The Q2-FY26 trading update highlighted continued revenue pressure following unfavorable trading in Q1-FY26. Both the Major Domestic Appliances (MDA) and Consumer Electronics (CE) markets were down year-on-year, influenced by price-conscious consumers and reduced discretionary spending, which lowered average order values and increased relative delivery costs.

Operational costs were higher due to the implementation and ongoing operation of the new ERP system, alongside increased employee-related expenses, affecting distribution and overheads. Despite measures to control costs and maintain service levels, unfavorable H1 performance and reduced operating leverage are expected to result in an adjusted EBITDA of approximately GBP1.7m for FY26.

The board has postponed decisions on any interim dividend and will reconsider the final dividend alongside the Full Year Results.

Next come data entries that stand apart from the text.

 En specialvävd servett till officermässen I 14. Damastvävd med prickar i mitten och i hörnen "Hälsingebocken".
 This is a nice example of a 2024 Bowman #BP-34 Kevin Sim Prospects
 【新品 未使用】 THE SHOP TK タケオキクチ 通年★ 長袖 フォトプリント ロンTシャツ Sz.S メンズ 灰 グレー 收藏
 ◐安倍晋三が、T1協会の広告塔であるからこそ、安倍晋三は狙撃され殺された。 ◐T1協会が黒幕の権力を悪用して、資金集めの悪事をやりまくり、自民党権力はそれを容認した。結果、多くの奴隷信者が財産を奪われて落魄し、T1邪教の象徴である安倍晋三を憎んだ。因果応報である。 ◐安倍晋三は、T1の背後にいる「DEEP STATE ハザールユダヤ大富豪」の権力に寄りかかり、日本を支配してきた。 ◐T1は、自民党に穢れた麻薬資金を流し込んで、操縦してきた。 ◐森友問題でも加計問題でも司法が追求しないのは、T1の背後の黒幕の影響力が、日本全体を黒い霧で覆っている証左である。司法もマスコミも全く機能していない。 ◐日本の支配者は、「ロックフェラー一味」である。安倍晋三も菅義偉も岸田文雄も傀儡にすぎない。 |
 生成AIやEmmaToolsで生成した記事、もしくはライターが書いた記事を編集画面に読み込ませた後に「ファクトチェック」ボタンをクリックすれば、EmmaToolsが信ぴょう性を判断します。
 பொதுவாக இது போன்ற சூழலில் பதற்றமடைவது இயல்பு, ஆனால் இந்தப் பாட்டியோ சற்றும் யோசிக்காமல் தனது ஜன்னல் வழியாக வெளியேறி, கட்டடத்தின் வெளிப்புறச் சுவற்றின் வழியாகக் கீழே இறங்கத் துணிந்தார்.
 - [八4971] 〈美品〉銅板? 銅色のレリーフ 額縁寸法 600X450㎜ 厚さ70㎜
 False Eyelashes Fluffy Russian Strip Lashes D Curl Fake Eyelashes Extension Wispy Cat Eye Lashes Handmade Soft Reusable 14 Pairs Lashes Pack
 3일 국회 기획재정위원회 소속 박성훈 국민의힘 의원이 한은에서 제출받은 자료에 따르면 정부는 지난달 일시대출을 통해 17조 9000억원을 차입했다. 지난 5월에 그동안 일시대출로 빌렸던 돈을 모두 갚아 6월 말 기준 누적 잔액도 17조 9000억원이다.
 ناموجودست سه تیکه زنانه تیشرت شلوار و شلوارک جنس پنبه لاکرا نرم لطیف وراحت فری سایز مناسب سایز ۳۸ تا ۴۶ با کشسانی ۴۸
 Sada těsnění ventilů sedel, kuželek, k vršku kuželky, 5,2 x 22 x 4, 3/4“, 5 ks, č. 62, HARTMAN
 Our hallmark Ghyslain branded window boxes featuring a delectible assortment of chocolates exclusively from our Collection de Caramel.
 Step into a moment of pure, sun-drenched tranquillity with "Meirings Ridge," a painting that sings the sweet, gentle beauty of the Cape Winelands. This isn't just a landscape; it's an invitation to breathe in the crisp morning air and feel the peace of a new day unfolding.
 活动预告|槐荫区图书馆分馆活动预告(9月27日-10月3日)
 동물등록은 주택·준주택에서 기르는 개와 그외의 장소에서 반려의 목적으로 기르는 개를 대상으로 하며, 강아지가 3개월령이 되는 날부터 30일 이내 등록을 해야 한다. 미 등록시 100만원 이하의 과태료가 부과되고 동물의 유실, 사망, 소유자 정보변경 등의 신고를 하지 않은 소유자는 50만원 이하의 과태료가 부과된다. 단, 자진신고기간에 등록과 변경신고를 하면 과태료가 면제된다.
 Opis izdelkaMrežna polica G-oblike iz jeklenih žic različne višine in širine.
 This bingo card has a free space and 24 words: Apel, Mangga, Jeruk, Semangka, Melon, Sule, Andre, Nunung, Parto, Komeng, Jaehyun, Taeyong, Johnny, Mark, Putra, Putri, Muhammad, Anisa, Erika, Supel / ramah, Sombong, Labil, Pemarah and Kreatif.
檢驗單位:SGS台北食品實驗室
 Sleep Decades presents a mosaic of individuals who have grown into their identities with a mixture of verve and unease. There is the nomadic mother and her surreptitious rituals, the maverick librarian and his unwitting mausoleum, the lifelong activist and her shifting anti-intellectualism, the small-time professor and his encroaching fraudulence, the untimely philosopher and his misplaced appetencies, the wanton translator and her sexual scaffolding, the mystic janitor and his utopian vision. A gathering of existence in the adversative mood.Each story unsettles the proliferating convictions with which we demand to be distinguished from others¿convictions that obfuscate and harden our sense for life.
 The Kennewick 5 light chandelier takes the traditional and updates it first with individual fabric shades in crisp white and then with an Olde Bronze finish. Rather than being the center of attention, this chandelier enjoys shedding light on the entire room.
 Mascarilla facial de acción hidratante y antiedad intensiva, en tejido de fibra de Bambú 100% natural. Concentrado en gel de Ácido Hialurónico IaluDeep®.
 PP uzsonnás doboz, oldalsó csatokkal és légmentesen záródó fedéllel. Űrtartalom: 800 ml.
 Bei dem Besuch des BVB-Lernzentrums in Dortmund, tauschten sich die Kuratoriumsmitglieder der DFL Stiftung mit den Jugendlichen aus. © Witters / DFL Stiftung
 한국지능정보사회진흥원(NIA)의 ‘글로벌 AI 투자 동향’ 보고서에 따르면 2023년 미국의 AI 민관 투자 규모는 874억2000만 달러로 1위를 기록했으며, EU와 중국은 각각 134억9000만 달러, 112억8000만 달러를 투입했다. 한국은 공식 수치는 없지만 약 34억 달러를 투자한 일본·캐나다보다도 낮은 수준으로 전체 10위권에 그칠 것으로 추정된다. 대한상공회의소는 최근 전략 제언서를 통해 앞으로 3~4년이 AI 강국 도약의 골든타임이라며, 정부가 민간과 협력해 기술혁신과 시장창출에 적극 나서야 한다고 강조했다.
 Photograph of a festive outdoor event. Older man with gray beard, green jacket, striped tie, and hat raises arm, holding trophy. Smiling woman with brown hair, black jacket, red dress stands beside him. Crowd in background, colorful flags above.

Arecor Therapeutics (LSE:AREC)
Arecor Therapeutics plc is a UK-based biopharmaceutical company specialising in drug development and delivery for diabetes and other cardiometabolic diseases. The Group’s pipeline includes insulin formulations AT278 and AT247 for diabetes, an oral GLP-1 receptor agonist for obesity, and its proprietary drug delivery platform, Arestat®.

The stock (AREC) traded at 86.50 GBX, up 19.31% or 14.00 GBX from the previous close of 72.50 GBX. Trading opened at 87.50 GBX, with a bid/offer range of 85.00/88.00 GBX. This price movement reflects market reaction to the interim results and post-period strategic announcements, including partnerships and financing agreements.

Revenue remained stable at GBP2.0 million (1H 2024: GBP2.0 million), while R&D costs declined to GBP1.3 million (1H 2024: GBP1.7 million). A gain of GBP0.4 million was recorded from the sale of non-Ogluo Tetris Pharma products, and the loss after tax fell to GBP2.5 million from GBP4.6 million. Cash and short-term investments stood at GBP1.9 million (1H 2024: GBP2.5 million).

The stock’s increase reflects the partnerships with Sequel and Ligand, supporting AT278 development and extending the cash runway into 1H 2027. The modest revenue base, ongoing R&D expenditure, and milestone-based pipeline progress may limit immediate market optimism.

Petershill Partners (LSE:PHLL)
Petershill Partners operates as a global private market's investment platform, providing access to partner-firm revenues, management fees, and performance-related earnings.

The stock (PHLLORD) traded at 307.50 GBX, up 33.12% or 76.50 GBX from the previous close of 231.00 GBX. Trading opened at 308.00 GBX, with a high/low range of 309.50/307.00 GBX and a bid/offer of 307.50/308.00 GBX. The share price increase coincides with investor response to both interim results and the announced return of capital and delisting proposal.

The increase in Petershill’s share price reflects growth in partner-firm earnings, Adjusted Profit After Tax, Partner-firm AuM, and accrued carried interest. Strategic disposals, acquisitions, and the reported return of USD265m to shareholders, including an interim dividend of 5.2 cents per share, also contributed to the positive movement. In addition, the proposed return of capital of USD921m, involving the cancellation of free-float shares and delisting, represents a notable premium relative to the prior share price.